2.2 Identifying Dialogue Act Types
When processing dialogue, it can be useful to think of
utterances as a type of action performed by the speaker. This
interpretation is most straightforward for performative statements
such as "I forgive you" or "I bet you can't climb that hill." But
greetings, questions, answers, assertions, and clarifications can all
be thought of as types of speech-based actions. Recognizing the
dialogue acts underlying the utterances in a dialogue can be an
important first step in understanding the conversation.
The NPS Chat Corpus, which was demonstrated in
1, consists of over 10,000 posts from
instant messaging sessions. These posts have all been labeled with
one of 15 dialogue act types, such as "Statement," "Emotion,"
"ynQuestion", and "Continuer." We can therefore use this data to
build a classifier that can identify the dialogue act types for new
instant messaging posts. The first step is to extract the basic
messaging data. We will call xml_posts() to get a data structure
representing the XML annotation for each post:
>>> posts = nltk.corpus.nps_chat.xml_posts()[:10000]
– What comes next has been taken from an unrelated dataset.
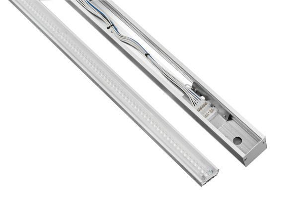 Hochwertiges LED Lichtbandsystem für Aufbau-Pendelmontage in Werkhallen und für Retail. Einreihige Optik mit verschiedenen Abstrahlwinkeln und CCT. Installationszubehör separat zu bestellen. 3-Phasen Stromschieneneinsatz integrierbar. Leichte, werkzeuglose Montage. Enge Farbtoleranz MacAdam 3. Lichtstromrückgang nach 150.000h L80/B20 bei ta 25°C. Gültig für 28W, 34W, 44W . Integriertes, nicht dimmbares Betriebsgerät. 5 Jahre Garantie.

Next, we'll define a simple feature extractor that checks what words
the post contains:
>>> def dialogue_act_features(post):
... features = {}
... for word in nltk.word_tokenize(post):
... features['contains({})'.format(word.lower())] = True
... return features
Finally, we construct the training and testing data by applying the
feature extractor to each post (using post.get('class') to get
a post's dialogue act type), and create a new classifier:
>>> featuresets = [(dialogue_act_features(post.text), post.get('class'))
... for post in posts]
>>> size = int(len(featuresets) * 0.1)
>>> train_set, test_set = featuresets[size:], featuresets[:size]
>>> classifier = nltk.NaiveBayesClassifier.train(train_set)
>>> print(nltk.classify.accuracy(classifier, test_set))
0.67